What about roundworm eggs shed in the environment?

Initially the eggs are not infective. After a period, which may vary from weeks to months, the eggs develop into infective larvae. Under ideal conditions, this takes approximately four weeks. These infective larvae can remain viable in the environment for long periods of time and are particularly resistant to changes in temperature and humidity.

The best environmental treatment is prevention. Remove your dog’s feces as soon as possible to prevent the spread and transmission of roundworms.

What is the most effective strategy I can use to control infection in my dogs, protect my family and reduce contamination of the environment?

Deworm pregnant dogs in late pregnancy, after the 42nd day or after six weeks of pregnancy. This will help reduce potential contamination of the environment for newborn puppies.

All puppies should be appropriately dewormed as recommended by your veterinarian. The first deworming should be given at two to three weeks of age. Note that this is prior to the time most puppies are seen for first vaccines.
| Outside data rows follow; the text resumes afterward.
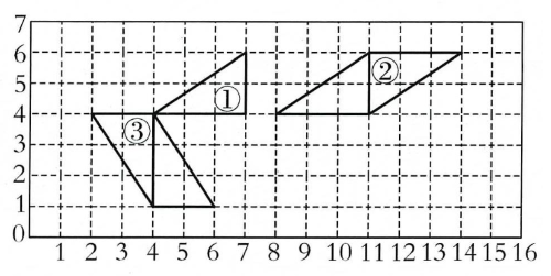 )时针方向旋转$90^{\circ}$可以和三角形③拼成一个平行四边形,画出旋转以后的图形。(3分)
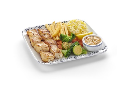 Fish fillet skewers served with french fries, rice, & vegetables.
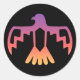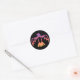 Autocollant noir avec tonneau stylisé aux couleurs de coucher de soleil orange, rouge et violet.
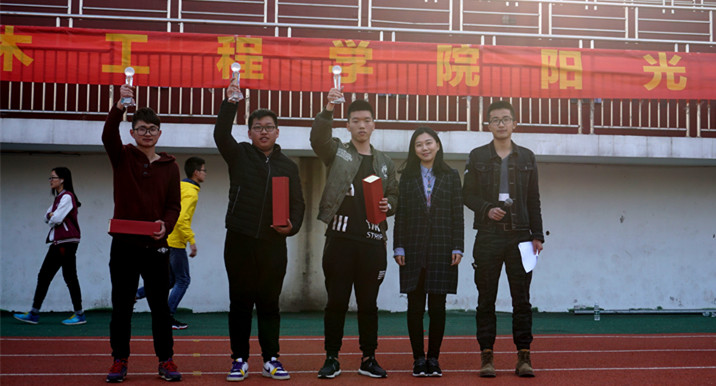 此次“阳光体育运动会”在班级风采展示中拉开帷幕。土木公司16级11个班级的班长举起班旗绕操场一周,展示出新一代学子的精神活力与班集体积极昂扬的精神风貌。本次运动会项目丰富,共设有男子100米,女子100米,男子1500米,3000米等径赛9项、田赛5项的比赛项目,运动员们各自发挥所长,展现风采。 下午的比赛项目为集体趣味运动会,包括投篮、垒球投掷、“手足情”、“摸石头过河”、跳绳与拔河。各班成员积极投入其中,展现出土木人拼搏向上、永不退缩的精神和强大的凝聚力。
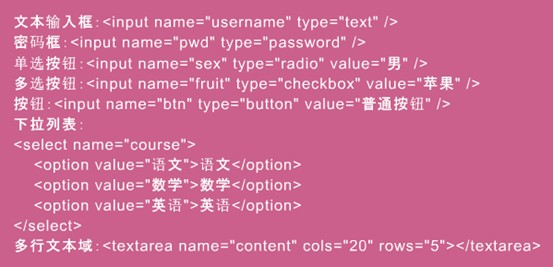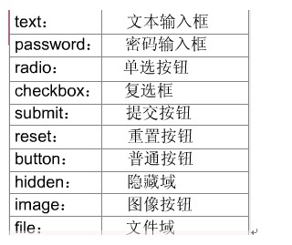 如果要把數據提交到服務器,則需要將<input>、<textarea>、<select>等表單元素放到form中。Input的類型取值如下:
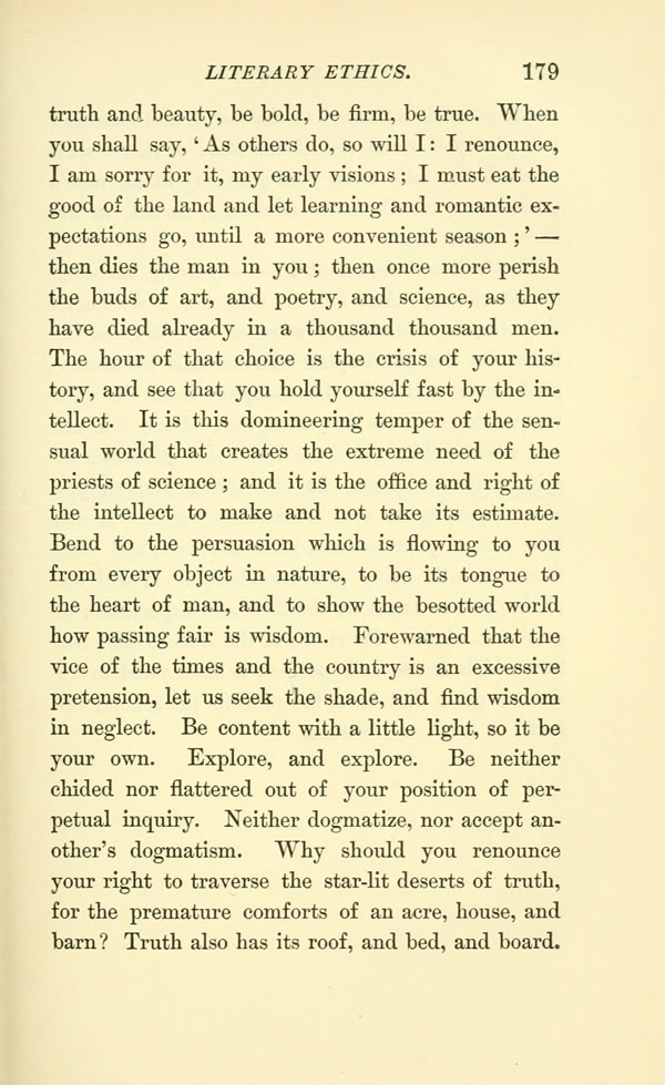 truth and beauty, be bold, be firm, be true. When you shall say, As others do, so will I: I renounce, I am sorry for it, my early visions; I must eat the good of the land and let learning and romantic expectations go, until a more convenient season; then dies the man in you; then once more perish the buds of art, and poetry, and science, as they have died already in a thousand thousand men. The hour of that choice is the crisis of your history, and see that you hold yourself fast by the intellect. It is this domineering temper of the sensual world that creates the extreme need of the priests of science; and it is the office and right of the intellect to make and not take its estimate.
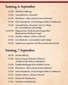 Die zahlreichen Besucherinnen & Besucher hatten zwei Tage Gelegenheit, in die mittelalterliche Welt einzutauchen und durch das tolle & umfangreiche Rahmenprogramm Einblicke in die damalige Welt zu erhalten.
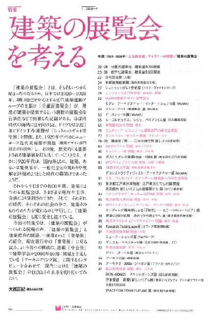 建築学会誌『建築雑誌4月号』の小特集「建築の展覧会を考える」を監修させていただきました。以下9名の方々に寄稿を寄せていただき、全体を構成しました。(※敬称略)遠藤信行(ギャラリー・間代表)、長谷川祐子(東京都現代美術館事業企画課長/多摩美術大学芸術学科特任教授)、寺田真理子(キュレータ/横浜国立大学大学院建築都市スクールY-GSAスタジオ・マネージャー)、野村しのぶ(東京オペラシティーアートギャラリーキュレーター)、酒井一光(大阪歴史博物館学芸員)、平昌子(TAIRA MASAKO PRESS OFFICE主催)、米山勇(東京都江戸東京博物館助教授)、保坂健二朗(東京国立近代美術館研究員)、清田とき子(国際交流基金芸術交流部造形美術課長)

Deworming is then repeated every 2 weeks until 12 weeks of age, then monthly until 6 months of age in puppies. It is entirely appropriate to present new puppy for initial examination and deworming only. Routine deworming of adult dogs is also recommended.  Dosing ranges from monthly during warmer months and periodically during cooler months to year round monthly treatments depending on risk.  Your vet can help you determine the most appropriate deworming program for your dog.
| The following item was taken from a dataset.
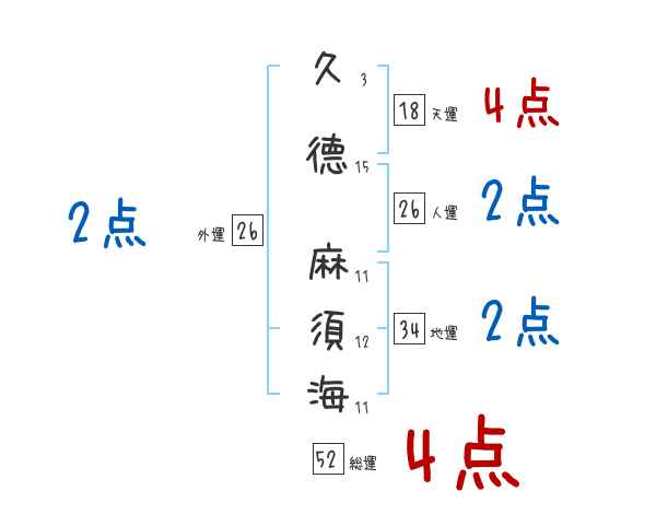 天運![]() | 久德麻須海さんの天運は18画の4つ星!情熱的で剛気。忍耐力があり信頼される。 家系が持つ宿命的な運勢を表します。祖先から受け継いだ苗字ですので自分の力が及びません。家柄を象徴します。 |
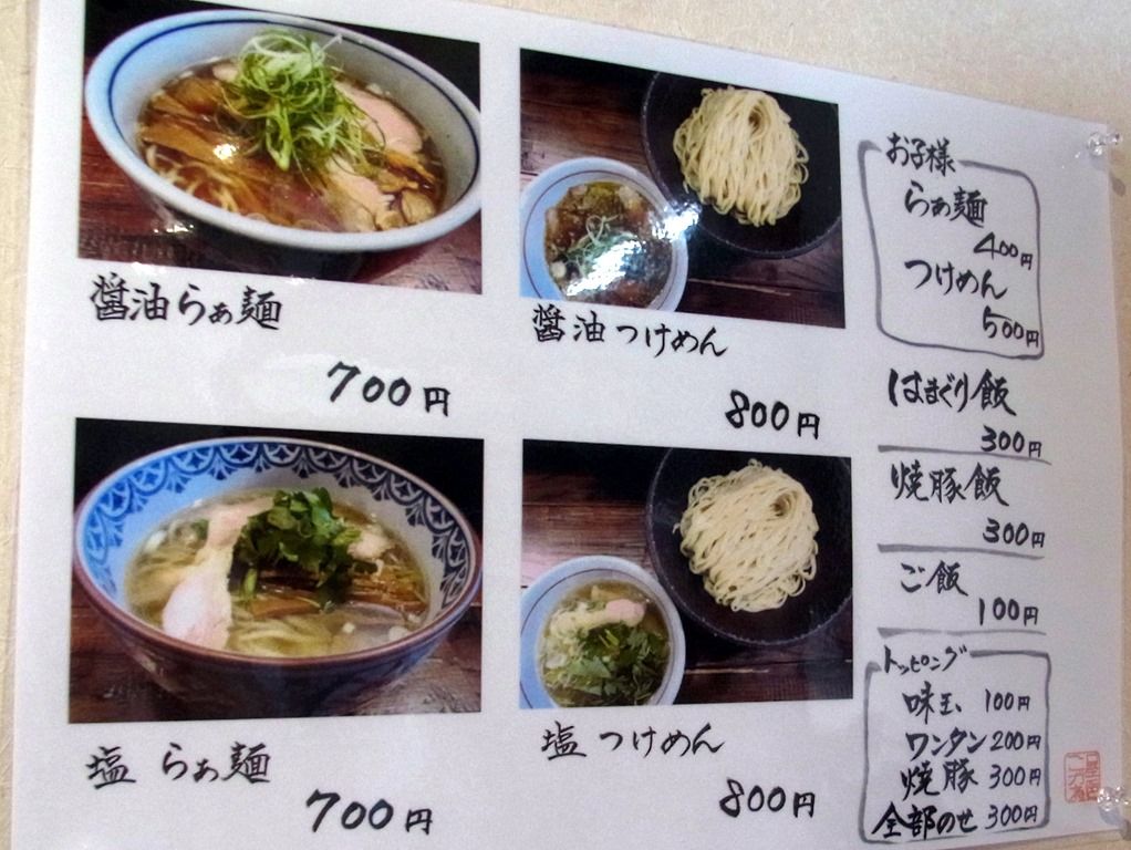 主なメニューは、醤油らぁ麺700円、醤油つけめん800円、塩らぁ麺700円、塩つけ麺800円、半らぁ麺400円、半つけ麺500円、はまぐり飯300円、焼豚飯300円、他。

It is also advisable for all dogs to have a fecal examination once to several times a yearly depending on their risk.  This way we can make sure our dewoming programs are working and also pick up other parasites not currently being treated for.

The use of a heartworm preventative product monthly that is effective against roundworms will stop the shedding of eggs into the environment.

Rodent control is important since rodents can serve as a source of infection.

Dogs should be prevented from defecating in children’s play areas and there should be prompt disposal of all dog feces, especially in gardens, playgrounds and public parks.

Practice strict hygiene particularly with children. Do not allow them to play in potentially contaminated environments and ensure proper and frequent hand washing.